FIG. 4A shows an example of the quantum level of the conduction band of a three-dimensional confined quantum well composed of quantum dots. Quantities related to the x, y, and z directions are n _x , n _y , and _nz , respectively. Quantum number _{n x, n y,} the quantum level defined by _{n z,} | represented by _{n x n} y _{n z>.} In the quantum dot, due to the asymmetry of the geometric shape, etc., higher-order quantum levels are not degenerated in the x, y, and z directions. That is, the energy levels of the quantum levels | 001>, | 010>, and | 100> are different from each other.

  Let the transition source level be the ground level | 000>. The wavelength corresponding to the energy difference between the ground level and the quantum level | 001> is λz, the wavelength corresponding to the energy difference between the ground level and the quantum level | 010> is λy, and the ground level and the quantum level. A wavelength corresponding to the energy difference from the position | 100> is λx.

  FIG. 4B shows the relationship between wavelength, polarization direction, and absorption probability. First, a case where infrared rays having a wavelength λx are incident on the quantum dot layer will be described. Since the wavelength λx is different from the wavelengths λy and λz, there is no transition in which the transition destination levels are | 001> and | 010>. Further, even when the wavelength is λx, when the polarization direction is parallel to the y-axis, a transition with a transition destination level of | 100> does not occur. An infrared ray having a wavelength λx and a polarization direction parallel to the x-axis is absorbed by electrons in the ground level, and a transition in which the transition level becomes | 100> occurs. This transition probability (infrared absorption probability) is P.

  Similarly, infrared rays having a wavelength of λy and a polarization direction parallel to the x-axis are not absorbed by the quantum dot layer. Infrared rays having a wavelength of λy and a polarization direction parallel to the y-axis are absorbed by the quantum dot layer. Let this absorption probability be P1.

  Electrons excited to the higher-order quantum level | 100> or the like transition to the conduction band of the barrier layer of the quantum dot layer 12 by a tunneling process or the like. When electrons transition to the conduction band of the barrier layer, the ammeter 18 (FIG. 1) detects the change in current.

  FIG. 5A shows the amount of light absorbed by the quantum dot layer 12 (FIG. 1) for each incident region and polarization direction when an infrared ray having a wavelength λx is incident on the photodetector according to the first embodiment. The amount of infrared light having a wavelength λx incident on the first region 21 is 1. It is considered that the amount of infrared x-polarized light component emitted from the object to be detected is equal to the amount of y-polarized light component. Therefore, the light quantity of the infrared x-polarized component and y-polarized component incident on the first region 21 is halved.

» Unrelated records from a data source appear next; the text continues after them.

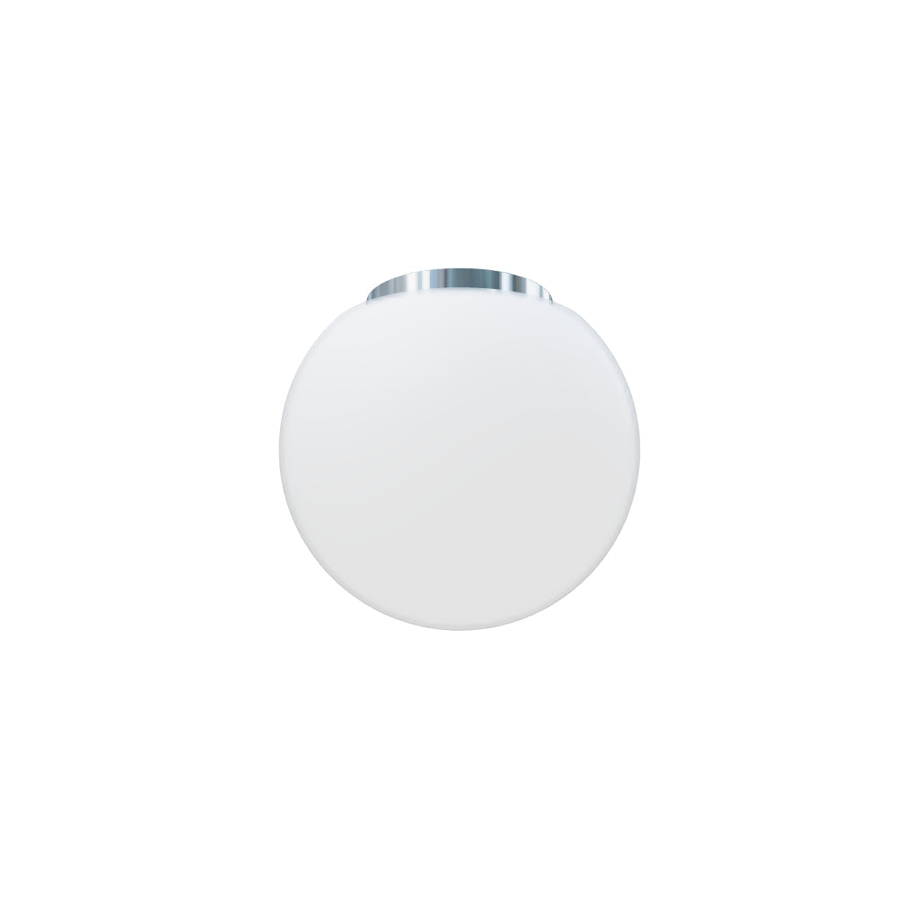 Deckenleuchte aus Opalglas auf Chromsockel. Geeignet für feuchte Umgebungen
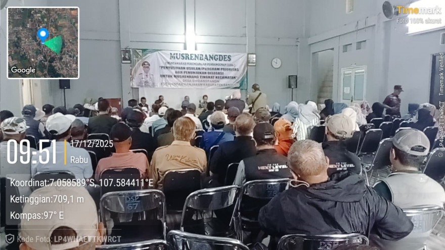 Kegiatan-Kegiatan yang sedang dilaksanakan pada hari Rabu, 17 Desember 2025 antara lain Musyawarah Perencanaan Pembangunan Desa (Musrenbangdes) dan Kegiatan Bimbingan Teknis Peningkatan Kapasitas Ketua RT dan RW.
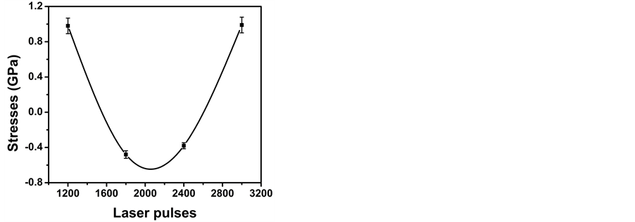 imperfections in lattice sites. The increase in the dislocation line density in the crystal lattice is due to enhanced quantification of work hardening [23] . The energy absorbed during laser material interaction is utilized not only to increase the mobility of existing dislocation defects but also to generate a great number of new dislocation defects by vibration or distortion [23] . The variation in laser induced stresses corresponding to various number of overlapping laser pulses is displayed in Figure 5. When high energy laser beam is incident on the solid target, lattice distortion and shock waves are generated. Consequently compressive and tensile stresses are produced in the irradiated brass. The high rates of heating and cooling also generate tremendous temperature gradients. This is associated with the local heating, and the plasma-dynamic flows. This is main reason for the production of residual stresses in the surface layer. The compressive stresses decrease and tensile stresses increase with increasing number of pulses [24] . These structural changes are well correlated with surface morphological modifications. SEM images of Figure 1 illustrate the formation of several kinds of features as cone, cavities and cracks. The cone formation is caused by the compressive stresses, whereas, cavities and crack formation is attributable to tensile stresses. The dislocation line density increases with increasing number of pulses up to 3000 (Figure 4) and consequently induces a high level of residual stresses in the irradiated target as observed in Figure 5 [25] .
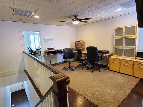 The layout features two private offices for focused work or leadership use, along with a shared open office area perfect for collaboration. The space comfortably accommodates at least five employees while still providing ample room for client meetings and small gatherings.
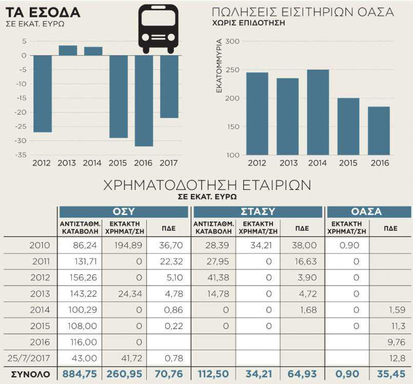 - 242,5 εκατ. ευρώ ήταν το μέσο ετήσιο έσοδο των αστικών συγκοινωνιών από τις πωλήσεις εισιτηρίων, κατά την τριετία 2012 – 2014.
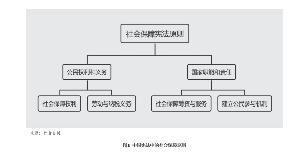 1954年《中华人民共和国宪法》提出“建立社会主义社会”的目标,第93条规定:“国家举办社会保险、社会救助和群众卫生事业,并且逐步扩大这些设施,以保证劳动者享受这种权利。”第102条规定:“中华人民共和国公民有依照法律纳税的义务。”1982年《中华人民共和国宪法》第42条规定:“中华人民共和国公民有劳动的权利和义务。”由此形成的社会保障宪法理念是“取之于民、用之于民”,社会保障是公民权利,也是公民义务;社会保障宪法原则是国家承担动员和组织公民共建共享社会保障制度与服务的责任(见图1)。由此可见,社会保障属于社会法范畴,有别于公法(以行政法为主)和私法(以民法为主),具有非公非私、亦公亦私的特征。在法制建设相对成熟的欧洲国家,社会保障法有“小宪法”之称。德国将社会保障法律编入社会法体系,即社会法编纂。
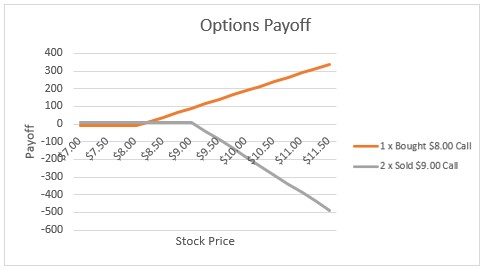 In order to repair the stock position, the client will buy 1 x $8.00 March Call for $0.10 and sell 2 x $9.00 March Calls for $0.05 each providing the below payoff schedule.
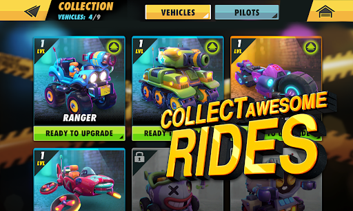 Collect, upgrade, and customize toy vehicles and pilots in real-time PvP battles. Join crews and compete for the top spot in unique game modes.
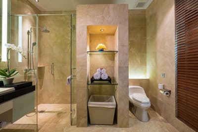 Elle a tout le nécessaire pour un séjour confortable et agréable. De beaux fauteuils sont installés dans un coin de la pièce pou un moment de détente. Salle de bain chic.
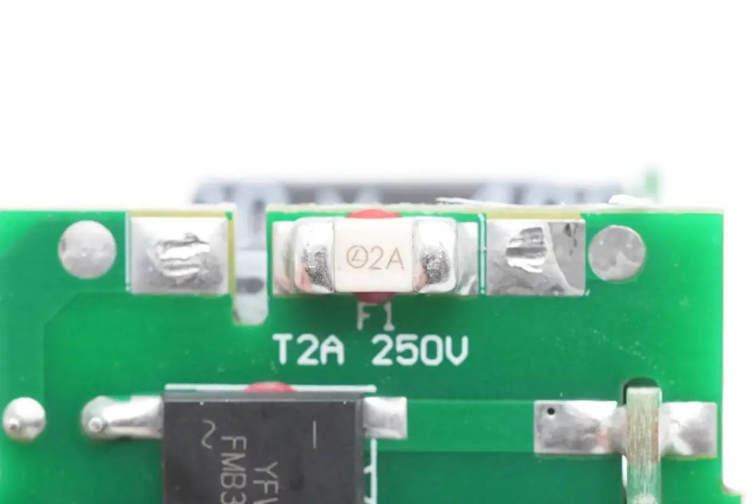 Close up of surface mount fuse, rated current 2A.

  Since the area of the second region 22 is equal to the area of the first region 21, the amount of infrared light incident on the second region 22 is also 1. For this reason, the amounts of the x-polarized component and the y-polarized component of the infrared light incident on the second region 22 are both halved. Since the area of the intermediate region 23 is ½ of the area of the first region 21, the amount of infrared light incident on the intermediate region 23 is ½ of the amount of infrared light incident on the first region 21. For this reason, the amount of the x-polarized component and the y-polarized component of the infrared light incident on the intermediate region 23 is both ¼.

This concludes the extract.